Playtime is Over for Chief Yahoo
By Logan Mohtashami
Benzinga Columnist
October 01, 2011 9:40 PM

If you Google “Wean a Baby from its Bottle,” you learn one important fact. The bottle must go.

You can do it fast or you can do it slow, but in the end the baby has to stop the suckling. That is the nature of progress.

Someone needed to tell that to Jerry Yang a long time ago.

As a co-founder of Yahoo (NASDAQ: YHOO), he had a hand in developing one of the early and successful internet companies, but then moved from rightfully calling Yahoo his baby, to becoming the baby. Jerry Yang turned into L’Enfant Terrible. He wanted his bottle, and he wanted his way.

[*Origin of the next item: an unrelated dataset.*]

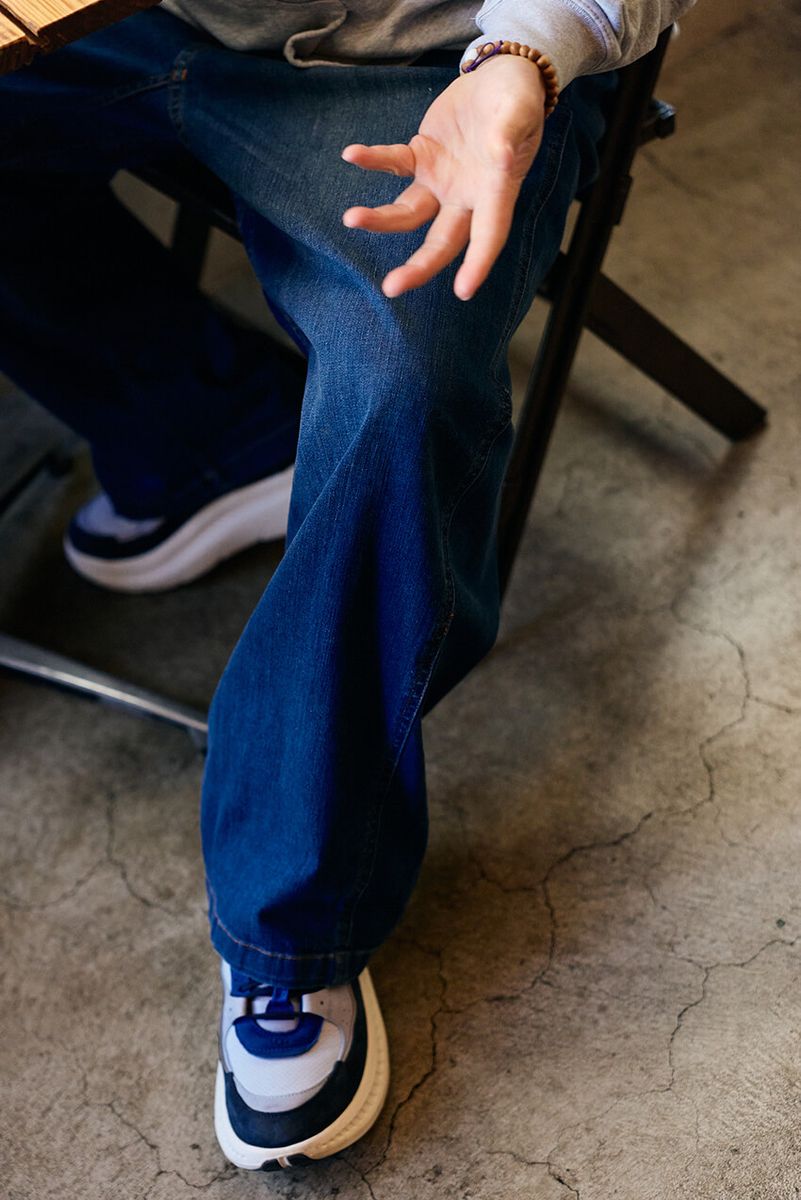 「さっき聞いてもらった『なんで太いパンツが好きなんですか』を考えてたんですが、改めて思うと、もしかしたらルーツはビー・バップ・ハイスクールにあるのかもしれません(笑)。自分は真面目な野球少年でしたけど、ビー・バップ世代なんで、あの“ボンタン”のシルエットにはずっと憧れてましたね」。

When, in 2008, Microsoft came knocking on the door, with 47 billion dollars in hand, even though Yahoo had just come off of a terrible quarter, did Jerry jump at the opportunity to provide shareholder value?

He didn’t.

Instead, our little Jerry turned the offer down, and (as the rumor goes) spent the weekend in gleeful celebration that the adults had not been able to swipe his precious bottle from his hand.

Immediately thereafter, Jerry tried to get a partnership going with Google (NASDAQ: GOOG). But that opportunity was squandered as well when Jerry’s comments regarding the unfair advantage that a Google/Yahoo partnership would have were made known to Justice Department regulators. The DOJ advised all parties that they would endeavor to block the deal, so Google walked away. And the stock came tumbling down once more.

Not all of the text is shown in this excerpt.